Politicians rarely have had recourse to the BBC, which is generally regarded as a 'poor man's libel court'. However, Lilley may have been emboldened by the success of Lords Howe and Lawson before the commission in March 1995 (see The Television Book 1995) or by Michael Howard's victory in autumn 1996. In another virtually ignored case Howard had complained that he had taken part in an edition of Radio 4's The World Tonight on the understanding that his contribution would be the last one to a debate about prison policy. In the event, interviews with two critics of Howard were broadcast the following night. Lilley (who, most unusually, turned up for the BCC hearing) lost his case, but had he won the floodgates could have been opened to a long list of similarly aggrieved politicians.
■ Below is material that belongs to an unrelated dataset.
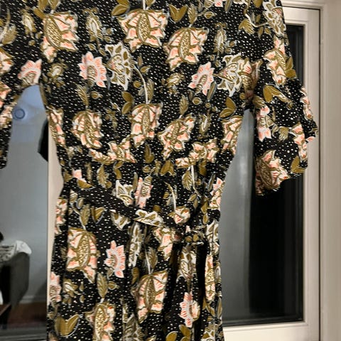 Materiale er trolig polyester, men det er ingen lapp i kjolen.

ITN threatens libel action against the magazine Living Marxism unless it pulps its entire February issue, apologises to their journalists and pays damages. The threat is in response to an article by Thomas Deichmann, The Picture that Fooled the World, which argues in considerable detail that the famous ITN pictures of Bosnian Muslims imprisoned behind a barbed-wire fence at Trnopolje camp in August 1992 were seriously misleading. Living Marxism refuses to back down and ITN launches its libel action. In his Iain Walker Lecture in May, Harold Evans remarks: 'ITN rightly wants to defend its correspondents in Bosnia but it is a shame that it did not choose to seek redress against Living Marxism in a television confrontation - on the BBC, say - rather than issuing writs and apparently silencing discussion of a complex situation.'
Scottish Television opts out of the ITV network drama about child abuse, No Child of Mine, on the grounds that it is not appropriate in the run-up to the first anniversary of the Dunblane massacre.
Sandra Howard, the wife of Home Secretary Michael Howard, fails in her legal action to stop the broadcast of a World in Action programme which includes an interview with Derek Lewis, former head of the Prison Service who was dismissed by her husband. In it he claims that Mrs Howard believes 'the prison code's requirement to provide a balanced and nutritious diet were somewhat too generous to prisoners'.
The Home Office seeks an injunction against the Panorama programme Predators to stop it screening videos of therapy sessions with patients in Broadmoor. The Home Office argues that the videos breach the confidentiality of prisoners and the Prison Service and would harm the public interest. The application for the injunction is rejected.
In spite of the predictable huffing and puffing from the usual quarters, C4 shows Reservoir Dogs uncut.
Jonathan Aitken begins his libel case against The Guardian and the Granada World in Action programme Jonathan of Arabia, broadcast in April 1995. The previous month he had applied successfully for the case to be heard without a jury. This is the first libel case brought by a prominent politician over his conduct while in office to be heard in such circumstances. It was thought by the judge hearing the case, Mr Justice Popplewell, that the documents involved in the trial would have overwhelmed any jury by their complexity and sheer numbers.
Aitken's case collapses when new evidence is presented. 'Jonathan Aitken's chosen weapon was a dagger of deceit, not the sword of truth', says Ian McBride, managing editor of Granada TV, after the case ends.